[Data extracted from a collection]

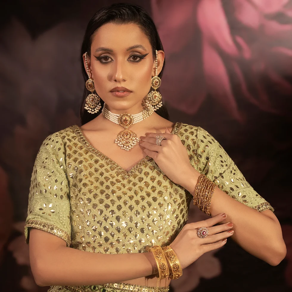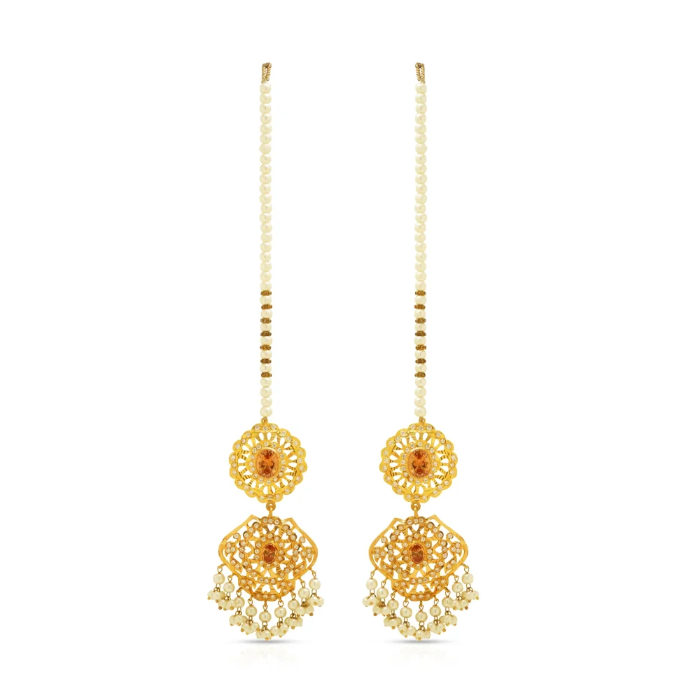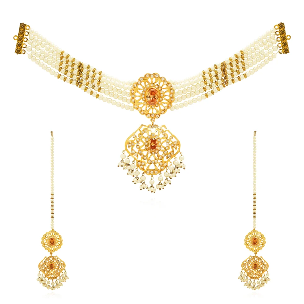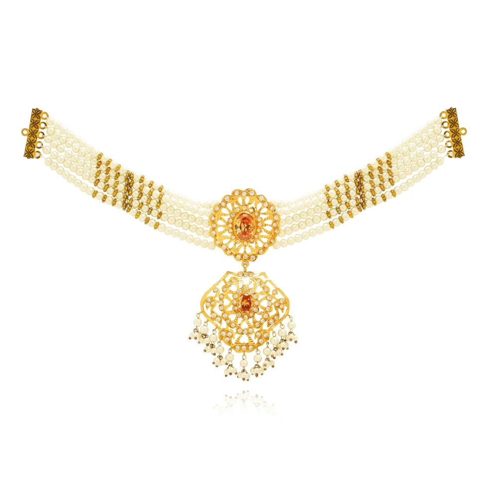 A captivating bridal set featuring intricately designed gold and pearl accents. The choker-style necklace is adorned with delicate rows of pearls and a statement gold medallion, complemented by matching cascading earrings. The central motifs sparkle with a regal charm, making this set a perfect choice for a bride seeking elegance with a touch of tradition.
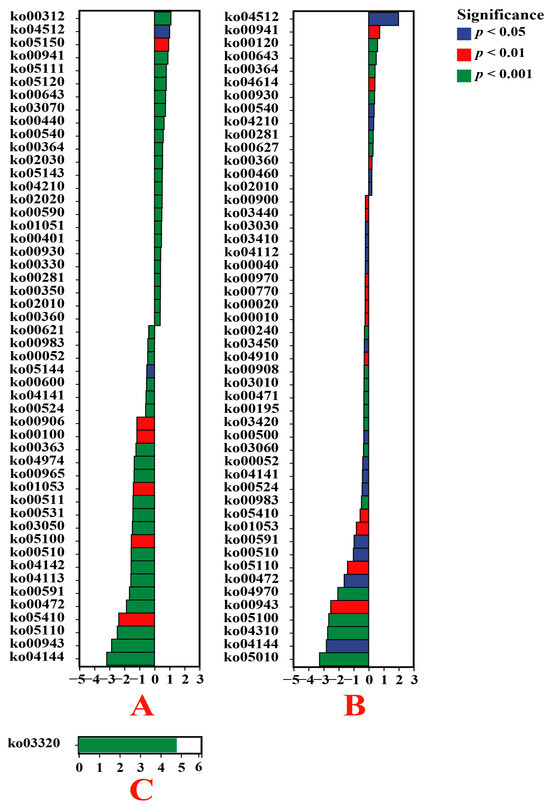 Based on the KO database, the functions of endophytic bacteria in plant roots were significantly different between VTM mining areas and non-VTM mining areas. The vertical axis represents the ID of the KO, the horizontal value is prelog2 (fold change), and different colors indicate significant differences between samples at different levels. (A) VT-Ein vs. CK-Ein; (B) VT-Car vs. CK-Car; (C) VT-Dvi vs. CK-Dvi.
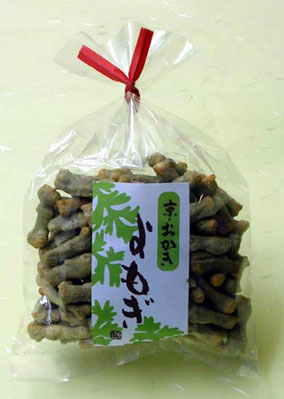 よもぎをたっぷりとつき込んだ軽い塩味のあられです。
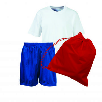 PE Kit comprises of Embroidered T-Shirt, 1 pair Shadow Stripe Shorts and an Embroidered Nylon Bag
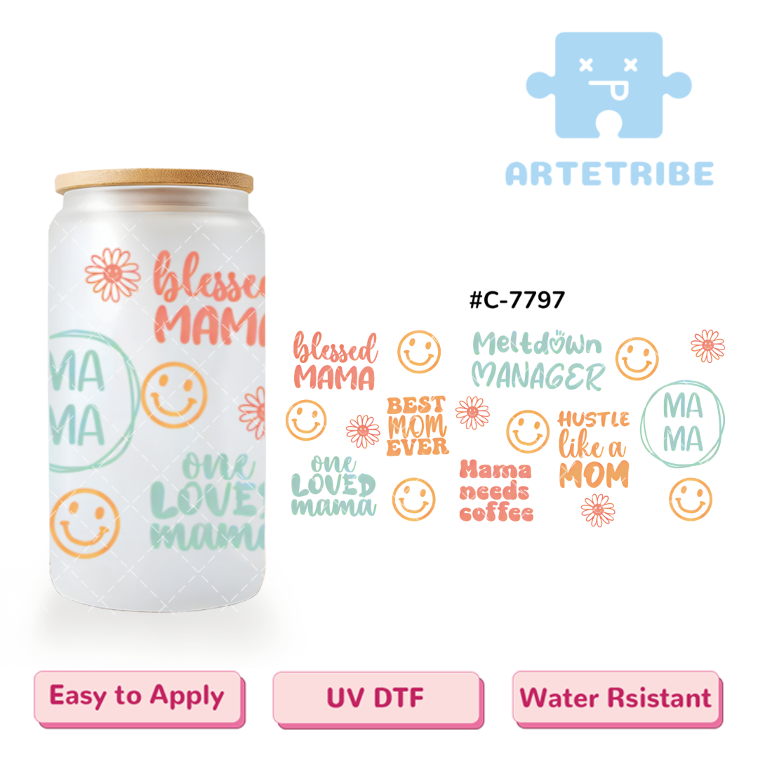 16oz uvdtf Mother's Day blessed mama best mom ever one loved mama coffee smilely face flower Macaron Colors Boho--#C-7797
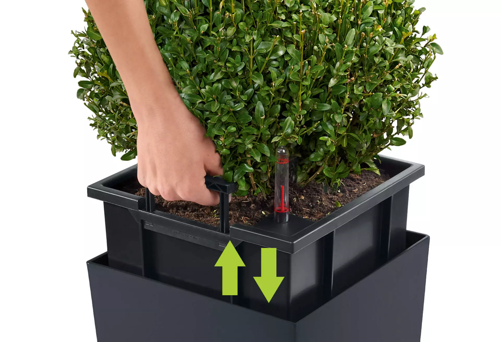 Visuose CUBE Premium modeliuose yra keičiamas augalų įdėklas, todėl augalų priežiūra tampa dar paprastesnė. Integruota LECHUZA laistymo sistema su 3,8 l, 7,5 l arba 14 l vandens rezervuaru užtikrina optimalų drėgmės kiekį Jūsų augalams.

» TASK PROMPT: Transcribe the data exactly, minus any images.

» TASK RESULT:
 A captivating bridal set featuring intricately designed gold and pearl accents. The choker-style necklace is adorned with delicate rows of pearls and a statement gold medallion, complemented by matching cascading earrings. The central motifs sparkle with a regal charm, making this set a perfect choice for a bride seeking elegance with a touch of tradition.
 Based on the KO database, the functions of endophytic bacteria in plant roots were significantly different between VTM mining areas and non-VTM mining areas. The vertical axis represents the ID of the KO, the horizontal value is prelog2 (fold change), and different colors indicate significant differences between samples at different levels. (A) VT-Ein vs. CK-Ein; (B) VT-Car vs. CK-Car; (C) VT-Dvi vs. CK-Dvi.
 よもぎをたっぷりとつき込んだ軽い塩味のあられです。
 PE Kit comprises of Embroidered T-Shirt, 1 pair Shadow Stripe Shorts and an Embroidered Nylon Bag
 16oz uvdtf Mother's Day blessed mama best mom ever one loved mama coffee smilely face flower Macaron Colors Boho--#C-7797
 Visuose CUBE Premium modeliuose yra keičiamas augalų įdėklas, todėl augalų priežiūra tampa dar paprastesnė. Integruota LECHUZA laistymo sistema su 3,8 l, 7,5 l arba 14 l vandens rezervuaru užtikrina optimalų drėgmės kiekį Jūsų augalams.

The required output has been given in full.